# 1989 Stanza won't run



## JeepThing (Jan 3, 2006)

Hey everyone, new to this forum, but looks like the right place to ask.
I have a 1989 Stanza that was given to me because the previous owner could not figure out why it wouldn't run. I have spark to the spark plugs, I have fuel to the fuel rail. If I put a test lead on an injector I can get 12v off one side on all injectors, even with the key off, no voltage on the other wire. If I spray starting fluid into the TB it seems to try to start, but never quite makes it. I tried using the self diagnostics on the computer, but when I turn the ignition on and turn the screw to the diagnostic part, I get no mode flashing, if I turn the screw back to regular position right away, I'll get five long red flashes and five short, 55 likely, no stored trouble codes. The green LED doesn't light up. 
I suspect the problem is in the injectors or the ECU, any tried and true method I can use to determine where the problem really lies? Thanks in advance.


----------



## tim vannice (Dec 31, 2005)

JeepThing said:


> Hey everyone, new to this forum, but looks like the right place to ask.
> I have a 1989 Stanza that was given to me because the previous owner could not figure out why it wouldn't run. I have spark to the spark plugs, I have fuel to the fuel rail. If I put a test lead on an injector I can get 12v off one side on all injectors, even with the key off, no voltage on the other wire. If I spray starting fluid into the TB it seems to try to start, but never quite makes it. I tried using the self diagnostics on the computer, but when I turn the ignition on and turn the screw to the diagnostic part, I get no mode flashing, if I turn the screw back to regular position right away, I'll get five long red flashes and five short, 55 likely, no stored trouble codes. The green LED doesn't light up.
> I suspect the problem is in the injectors or the ECU, any tried and true method I can use to determine where the problem really lies? Thanks in advance.

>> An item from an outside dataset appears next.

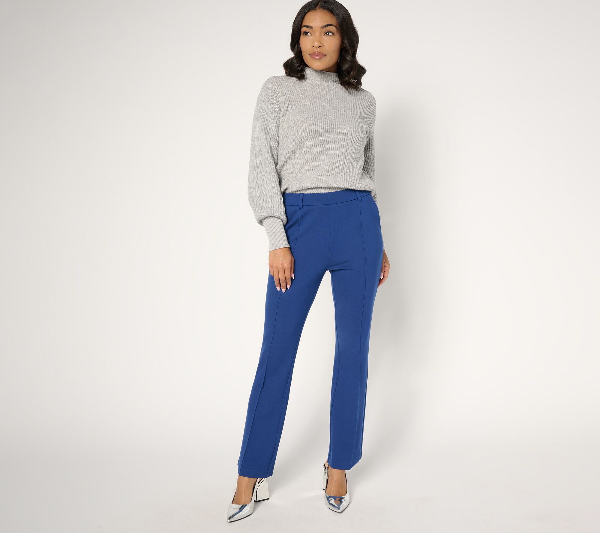 Stretchy pants have never looked sleeker. Especially when they're Sublime Stretch ponte pants from Isaac. The polished boot-cut bottoms not only allow for amazing all-day flexibility (aka comfort), but they pair just as well with a blazer and button-down for soft-suiting days as they do with something as low-key as a tee or oversized sweater. These ponte knit pants are ready for any occasion. And now, so are you. From Isaac Mizrahi Live!TM.

Maybe a timing issue if u have spark and gas...


----------



## JeepThing (Jan 3, 2006)

I'm not entirely sure that gas is making it past the injectors. I know I checked relative position of the distributor with the engine at TDC and it was right there pointing at #1. I've tried changing the timing while cranking to no avail. The only thing to date that makes it seem to try to start is starting fluid, I suspect that gas isn't making it to the firing chamber, but hard to tell since we've been using starting fluid. The ECU is also suspect simply for the fact that I cannot get it to do all of it's built in diagnostic routines.
//editing to add the rest of what I've found so we dont waste time double diagnosing 
Timing chain is in good condition, valves opening and closing well, compression is good, crank position sensor good, have a nice bright blue spark to spark plugs, Plugs, cap, rotor, wires all new, coil within spec.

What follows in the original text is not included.